When time comes to change the configuration selected by your
workspace, you normally would pick a descendent of that configuration
(where the "descendent" of a configuration is described earlier).

   Thus, most WebDAV operations would not occur on configurations
   directly.  All the PUTs and GETs and PROPPATCHes and LOCKs and 
   UNLOCKs would happen using the URIs from (1) and the configuration
   ID from (3).

Yes!  The only time you'd refer to server-defined URL's would be when
you wanted to do things like label revisions you don't currently see
in your workspace (possibly, to make them visible in your workspace).

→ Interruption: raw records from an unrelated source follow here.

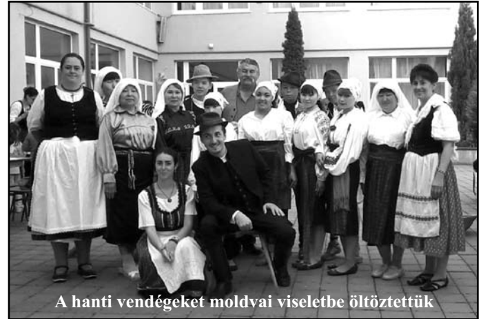
A hanti vendégeket moldvai viseletbe öltöztettük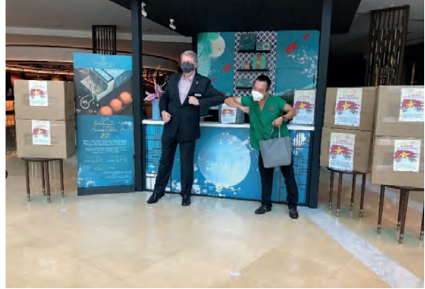
Moon Cake to Doctor of front line against epidemic 贈送月餅予對抗疫情前線醫生

Caravelle Saigon Hotel, Vietnam 越南胡志明市帆船酒店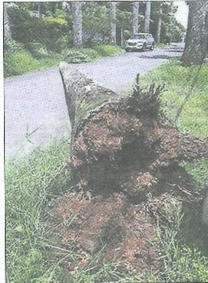
Le palmier est tombé samedi sur la chaussée.

De plus, les arbres menacent aussi les fils électriques: « Il y a une branche qui est dernièrement tombée sur les câbles. Il n'est pas rare d'avoir des coupures d'électri-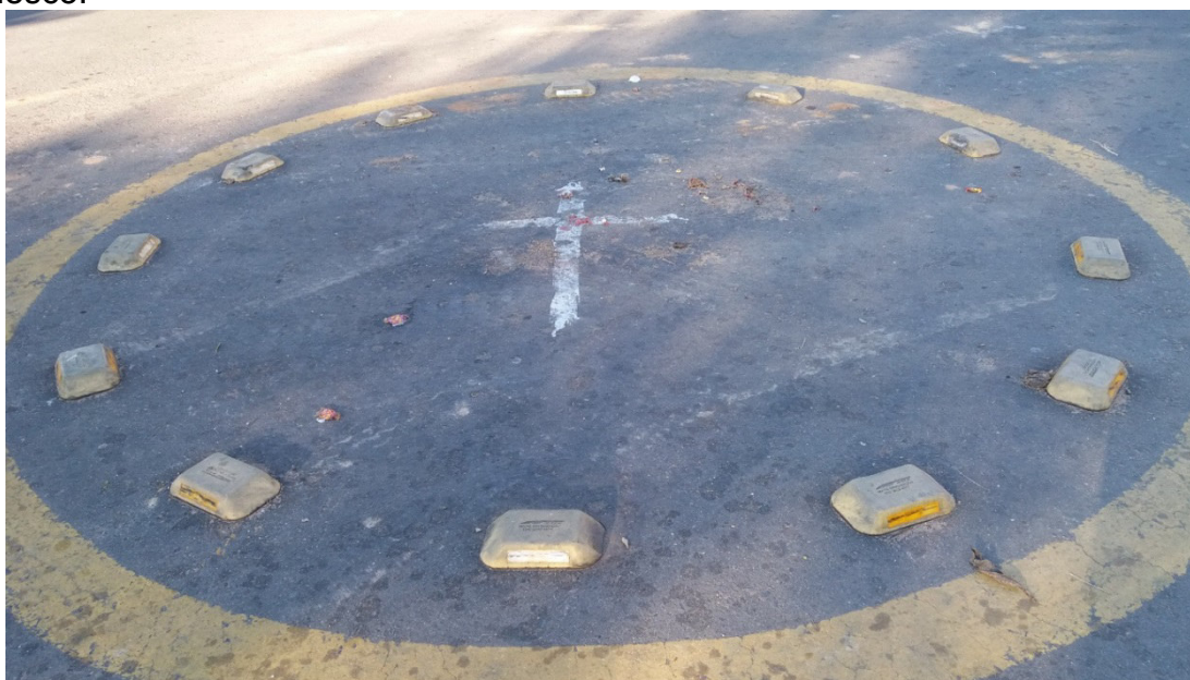
FIGURA 4. Rotatória no cruzamento da Avenida Elias Cirne Lima e Rua Padre Todesco.

A paisagem religiosa expressada no contexto do espaço público de um conjunto de vias (figs. 2 e 4) revela-se através de símbolos religiosos, que exercem uma demarcação de território para poder traduzir os valores e crenças das pessoas. Aos olhos dos fiéis é considerada como um ambiente sagrado, ou seja, como espaço onde eles se comunicam com forças sobrenaturais. Invocando-as, ou até mesmo dedicando por meio de cultos, preces como forma de reverência ao seu ser supremo. A forma de se cultivar depende de cada segmento religioso.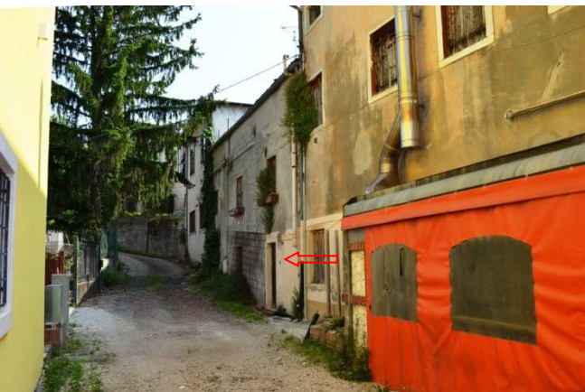
foto 12 - Scorcio ovest della parte centrale col civ. 77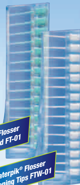
Waterpik® Flosser Tips Standard FT-01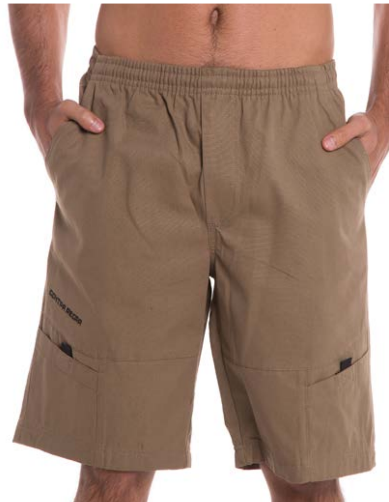
REF. 28 BERMUDA //////////////////// Microsarja com Elástico 100% Poliéster Tam. P ao S5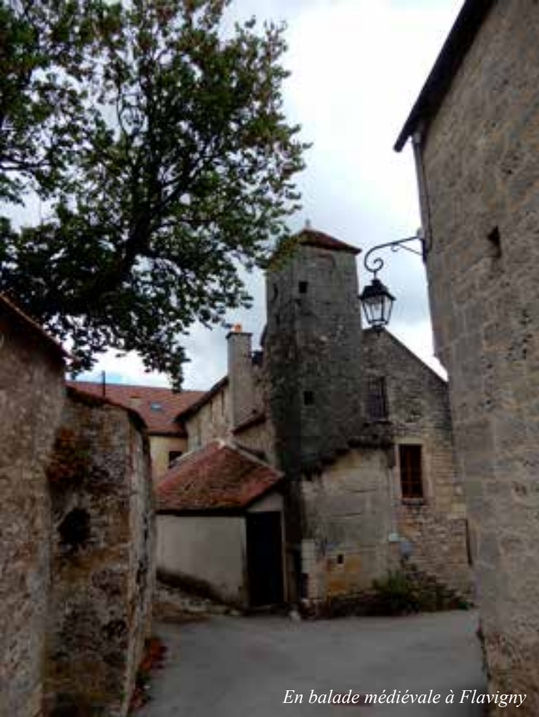
En balade médiévale à Flavigny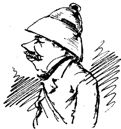
*Εκτακτος ἀπεσταλμένος εις Λονδίνον.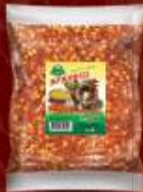
Буковец нелут 250г. 30/1 шифра: 148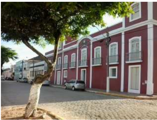
Câmara de Vereadores (em frente à La BARCA)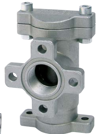
LINE FILTER 1-1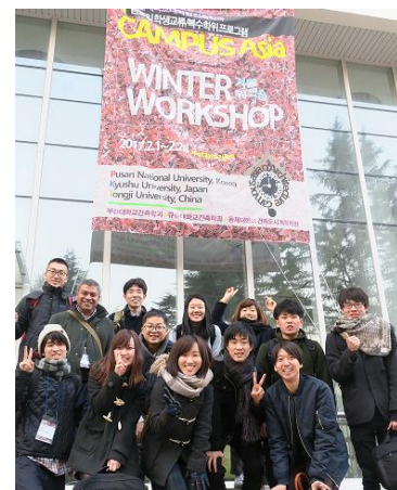
〈釜山ウインターワークショップ〉

【日本人学生派遣】 本事業推進室の専任スタッフによる学生渡航前、帰国後の学業・生活相談体制を整え、留学中に学生の学習面のサポートを行えるよう、教育Webシステムを導入し、運用を開始した。今後の派遣については学生派遣前やサマースクール実施前に、英語力向上セミナーを定期的に開催する準備を進めており、科目履修、課程修了に支障がないようにする。また、外国人学生受入と同様、教育運営委員会を中心に、単位認定可能な科目の設定、授業カリキュラム等のつき合わせを行う。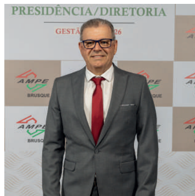
PRESIDENTE: IRAJÁ TRINDADE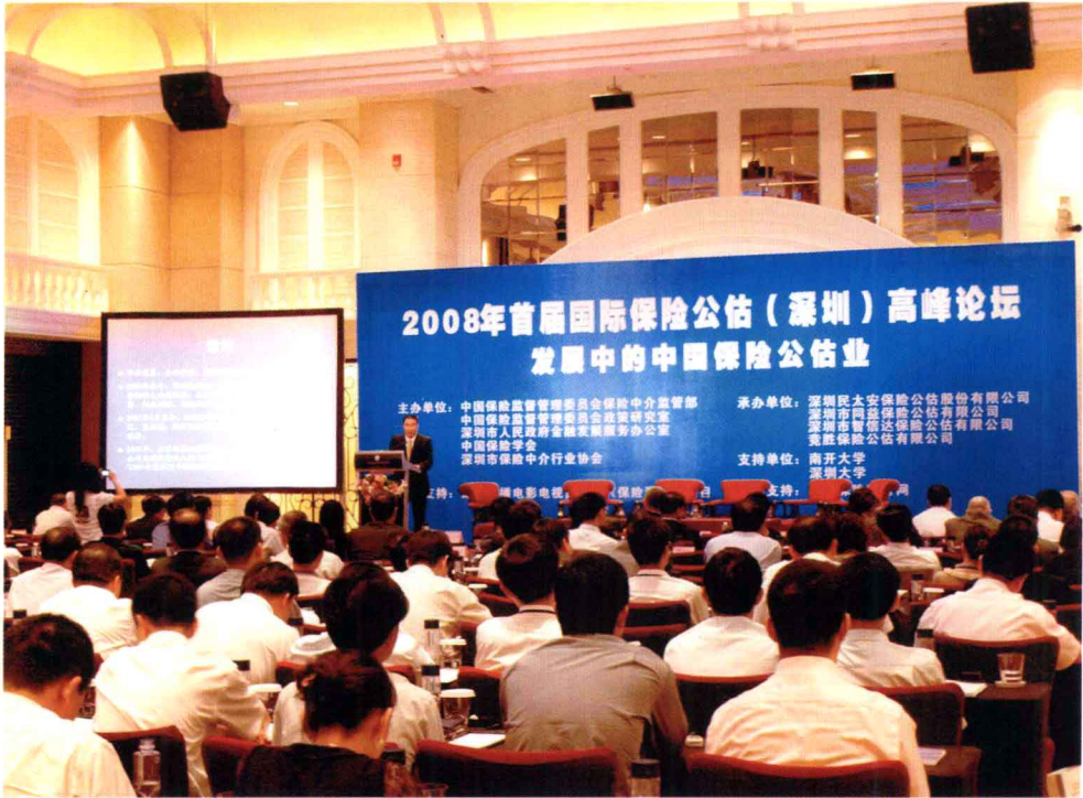
深圳保险中介行业不断创新发展，成为推动保险试验区建设的重要力量。目前深圳正在努力建设全国“保险中介之都”。图为2008年5月29日首届国际保险公估（深圳）高峰论坛现场（目前已更名为“国际保险中介论坛”）。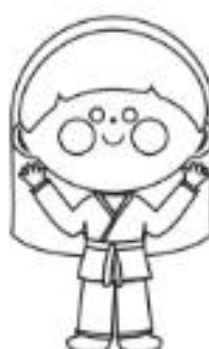
4 - AMARELA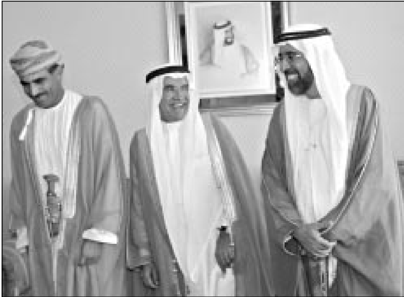
وزراء نفط (من اليمين) الامارات والسعودية وعمان بعد انتهاء اجتماعهم في ابوظبي السبت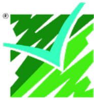
Republic of Lebanon Ministry of Environment Government of Lebanon

طور شركاء محفز العمل المناخي لمؤتمر الأطراف السادس والعشرين هذه الدعوة إلى العمل، وأيدتها البلدان والمنظمات الواردة أدناه خلال الفترة القصيرة المتاحة أثناء انعقاد مؤتمر القمة في جلاسجو. وفي الأسابيع والأشهر التي أعقبت المؤتمر، سواصل جمع المصادقات من شركاء المحفز وغيرهم، وسنحدث الشعارات المبينة هنا. يُرجى الاطلاع على الصفحة الأخيرة حيث تُدرج قائمة كاملة بشركاء المحفز. إذا رغبت بلدك أو منطمتك في تأييد هذه الدعوة، يُرجى إرسال بريد إلكتروني إلى cop26.catalyst@wiltonpark.org.uk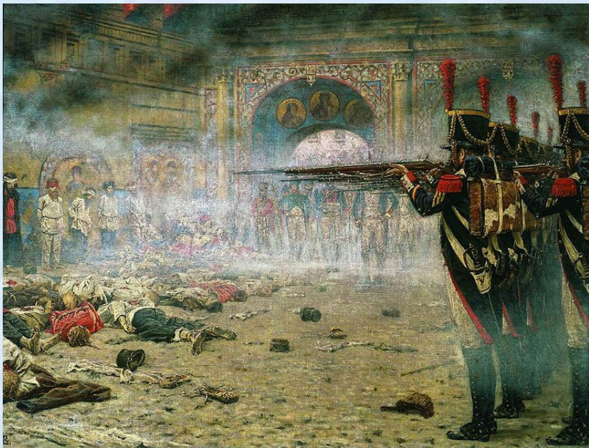
Расстрел предполагаемых поджигателей Москвы французами. Верещагин (1898)

В Отечественную войну она участвовала в сражениях под Смоленском, Колоцким монастырем, при Бородине, где была контужена в ногу, и уехала для лечения в Сарапул. В мае 1813 г. она снова появилась в действующей армии и приняла участие в войне за освобождение Германии, отличившись при блокаде крепости Модлина и города Гамбурга. Только в 1816 г., уступая просьбам отца, она вышла в отставку с чином штаб-ротмистра и пенсионом и жила то в Сарапуле, то в Елабуге. В 1836г. Дурова издала свою автобиографию под заглавием "Записки кавалерист-девицы", при посредстве и поддержке Пушкина, напечатавшего отрывки из этих записок в своем "Современнике" и рекомендовавшего их публике. Скончалась в 1866 г.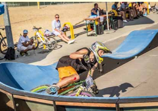
Zawodnik podczas rywalizacji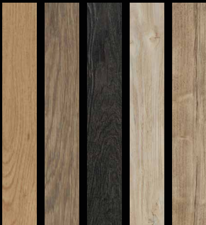
cc60065 honey elegant oak cc60374 natural collage oak cc60074 black rustic oak cc60084 bleached rustic pine cc60082 natural rustic pine

Storlek: 150,5x23,7 cm. Samtliga plank har fasad kant 4-sidor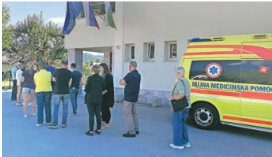
Odziv na odprto cepljenje v Gorenji vasi je bil velik.

K cepljenju bodo spodbujali tako kot doslej. "Zdravniki nagovarjajo paciente, ko pridejo v ambulanto, vsakič, ko imamo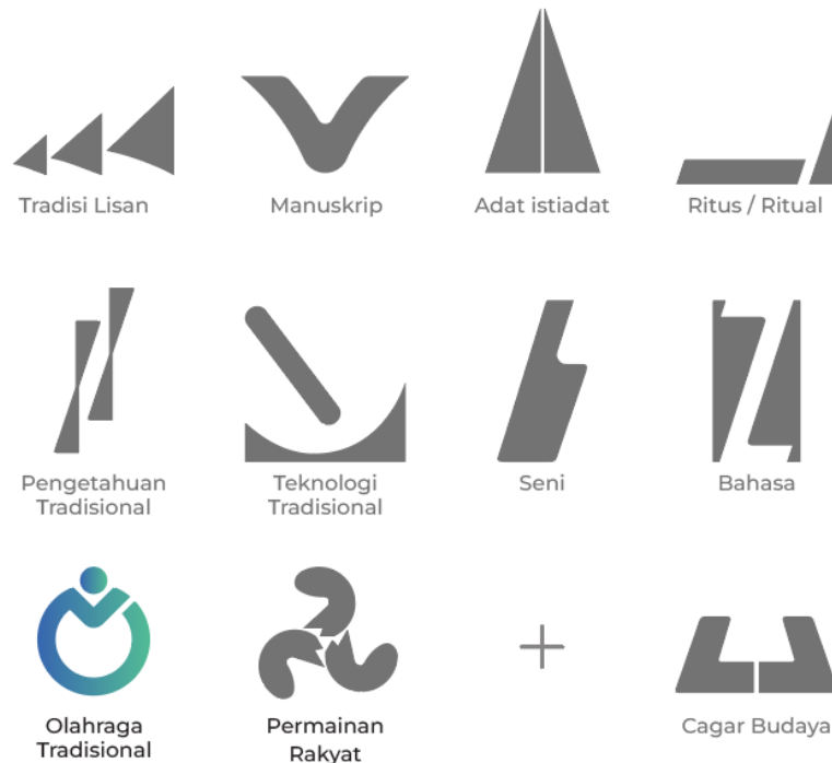
Gambar 4. Ikon 10+1 OPK Kota Bandung

Berikut merupakan hasil dari perancangan 10+1 Ikon OPK Kota Bandung ditampilkan pada Gambar 14.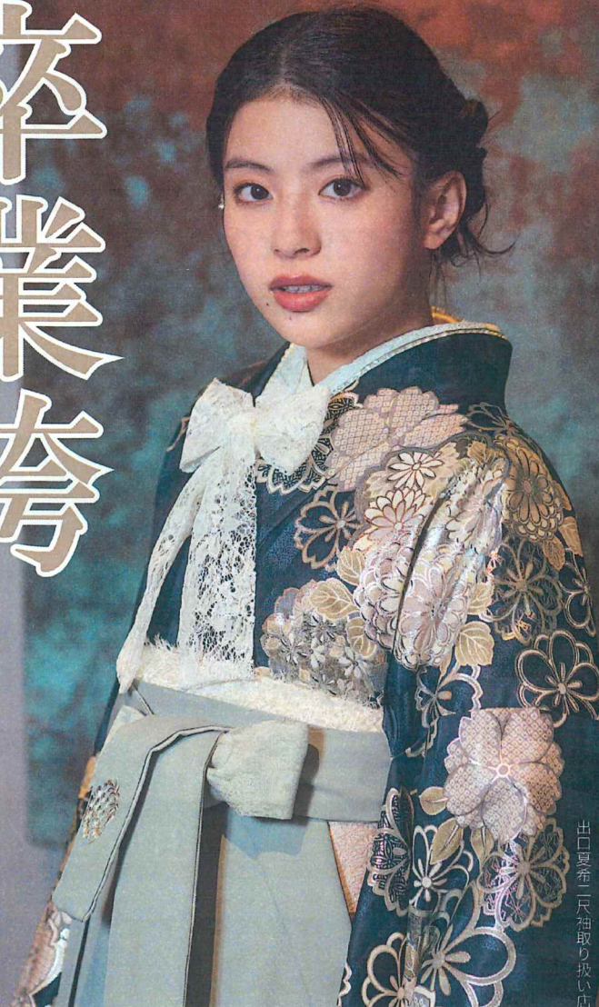
出口夏布 一尺袖取り扱いです

   The configuration would occasionally be added to
   through MKREF and removed from via DELETE, but all of this would
   happen behind the scenes.

Configurations are immutable, but workspaces would be changed by these
MKREF's and DELETE's.

   This makes a big difference in my visualization of configurations.  The
   impression I got from the document was that a user might want to create a
   configuration in their home directory on a server and use that as their
   local copy of the data in the source tree, that configurations would be
   something that you navigated into just like a normal directory tree.

   What I'm seeing now is something more like a lock token with a lot more
   state packed into it.  A user would "log in" to a configuration and
   begin sending the configuration-id header along with almost all
   requests to the server.  This would provide a context for their
   particular view of the source tree.

Yes!  (Replacing the term "configuration" with the term "workspace").

   Could a user ever wind up being "logged in" to multiple configurations?
   [re: BRANCH]

Not to multiple workspaces, but a given workspace could specify multiple
configurations and activities in its version-selection-rule.


   >[CK] This is something I should have made clearer.  Both are valid.
   >     The VER:... notion is used to refer to a specific revision via
   >     a URI.  You can also specify the URL and the Revision-Id header.
   >     Chalk this up to a bad example.

   Hopefully, the VER:... URI functionality will be optional?  Should there
   be a way to discover this functionality through OPTIONS?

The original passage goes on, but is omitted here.